Waldorf and Rusness created formations designed specifically against Notre Dame's offense, with these formations being practiced throughout the season. On November 9, 1935, at its home field, Notre Dame suffered its only loss of the season, Northwestern won the game 14 to 7. It was Northwestern's first win over Notre Dame in previous 18 tries. Suffering the loss Notre Dame were deprived of a likely national championship. It was during that win's celebration that Waldorf's staff began calling him "Pappy".

In 1936, Waldorf's second year, the Wildcats went 7–1, undefeated in the Big Ten, winning the conference. Their only loss came at the end of the season at Notre Dame. The Fighting Irish won 26 to 3, taking their turn at ruining their opponents chance for a national championship. Aside from winning conference championship, that season is also remembered for beating Minnesota, a team that was on a 28-game winning streak and outscored its opponents 203 to 32 during the season. Even though Minnesota lost at Northwestern six to zero, they were still declared the 1936 national champions by the AP poll.

The season is also known for Waldorf's introduction of an unbalanced offensive line, the first instance of a slot formation, which allowed the offense to deploy four receivers instead of two. The team was led by an All-American tackle Bob Voigts, who later succeeded Waldorf in 1947 and won the 1949 Rose Bowl - coaching the Wildcats to beat Waldorf's University of California.

The highlights of the next ten seasons were Northwestern finishing in third place in 1940 and 1943. Waldorf's 1940 team included the Chicago star player Bill DeCorrevont and defeated dominant Notre Dame 20 to 0. There were also two Big Ten winless seasons in 1942 and 1944. In 1942, Waldorf had to deal with changes brought on by United States entry into World War II. For purposes of a boost in military morale the number of games was raised to ten. During these years there was a significant player shortage due to the military draft. To retain the 1941 season, freshmen were allowed to compete on varsity teams. That season, Waldorf only had four returning starters. However, the season also brought important positives that would only be seen the following year. Waldorf considered the 1942 Wildcats to be his first great passing team. It was led by legendary quarterback and future coach Otto Graham. Although the team won only one game, Graham finished the season with then conference record breaking numbers - on 182 attempts he completed 89 passes for 1,092 yards. (Note: Waldorf: "Our pet play was run from the Single Wing, called "Number One Pass." We'd pull both guards and roll the tailback out to the right, where he could either run or pass. It put a strain on the left defensive half back, who'd have to watch for the running threat, and if the defense rotated, both ends were open for passes.")

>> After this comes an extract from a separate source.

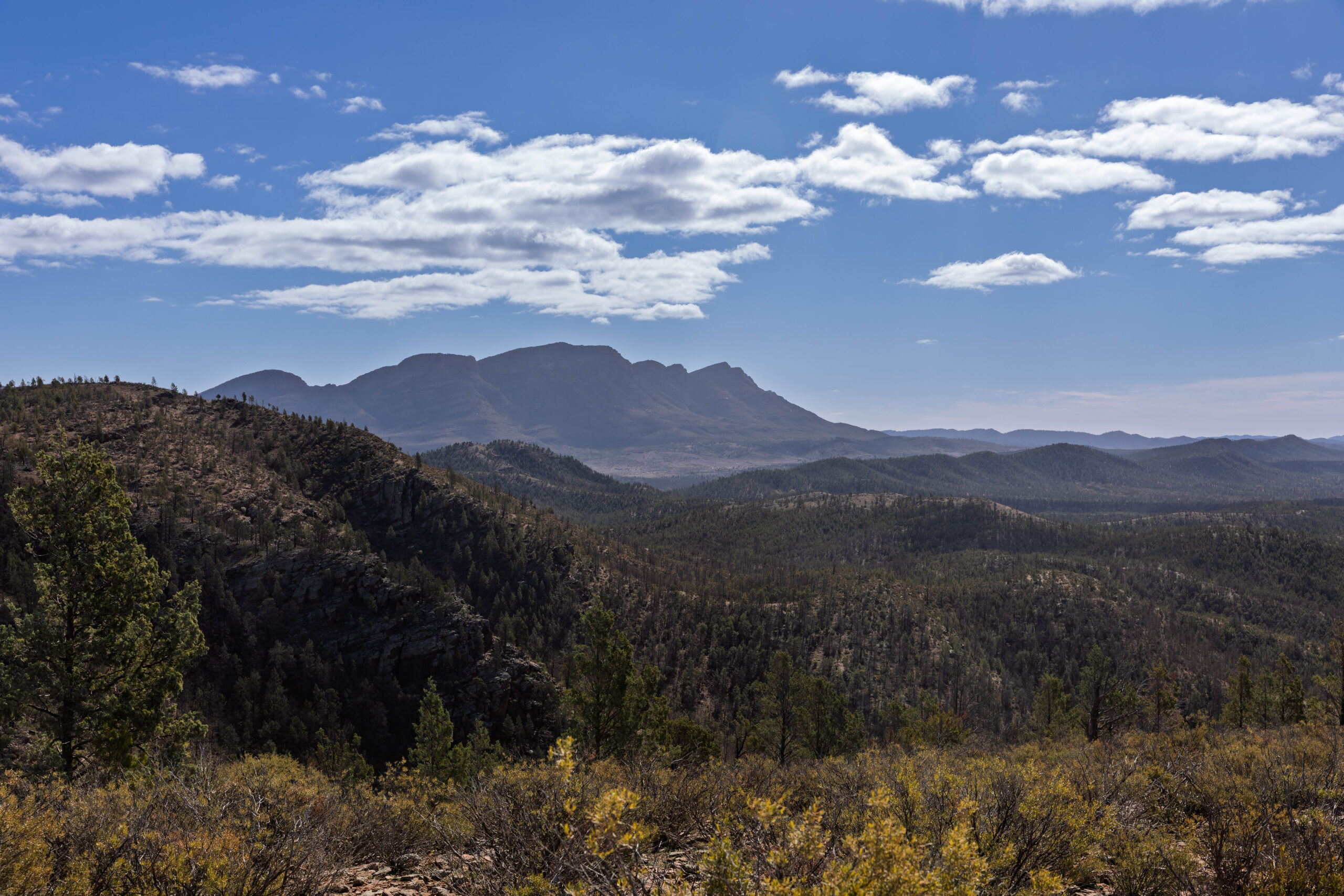 What goes up, must come down, and we were now on the Prelinna Descent. As we made our way down the hill we spotted a whistling kite in a tree by the roadside and managed to snap a photo before it flew off. We also spied a macropod hopping off to the side of the road far too quickly to decide what type of jumping marsupial it was?? In the visitor book someone had made an entry saying they had seen a yellow-footed rock-wallaby on their ascent to Prelinna Lookout. We were somewhat skeptical because we’re not sure this is actually rock-wallaby territory??? I’m just going to stick with recording a general Macropod sighting.

Next season, everything clicked, the 1943 team beat the Ohio State, the defending national champions, with the team's only losses coming from Notre Dame and Michigan, the team finished the season with an 8–2 record and a ninth-place ranking in the Associated Press Poll. Graham set another Big Ten passing record and finished third in Heisman Trophy voting. Next year, Graham transferred to another team. Without him Waldorf could only manage a single win. That year Northwestern squad was made out of 51 players with 43 of them being freshmen.

During Waldorf's later years at Northwestern, he received assistance from the Chicago Bears in developing the T formation, a stance that the Bears were successful at deploying. (Note: Waldorf: "Our version featured single-wing shoulder blocking. We wanted to move defenders on the edge of the defense out of the way to make the most of our halfacks' ability to get a quick start. .. We developed a play called '42 Crossfire,' which accomplished this. It was a counter play, with the left half carrying off right tackle. The keys to this play were the quarterback making a good fake to the fullback and the right guard pulling out to block the man of the defense's perimeter.) Waldorf also served as an unofficial coach on the annually voted for All-Star College Player v. NFL Champions game. He assisted the All-Star coaches and participated in training because the annual game was played at Chicago's Soldier Field with the college players being hosted at Northwestern.

During the first post WWII, 1946 season, Waldorf's team won only two games in the Big Ten, it was his last year at Northwestern.

===California===

1956 Big Game

In 1946, the University of California (Cal) won only two games while losing seven. Following the season the Associated Students of the University of California exercised its unique power and voted to fire that season's coach Frank Wickhorst. Shortly after that Waldorf was offered the head coaching position. He had previously visited and liked northern California and after considering the generous offer, Waldorf decided to accept the position. Back at Northwestern, the athletic administration allowed Waldorf to leave two years before the end of the contract. Waldorf personally addressed his team and was the first person that let them know that he was leaving the university.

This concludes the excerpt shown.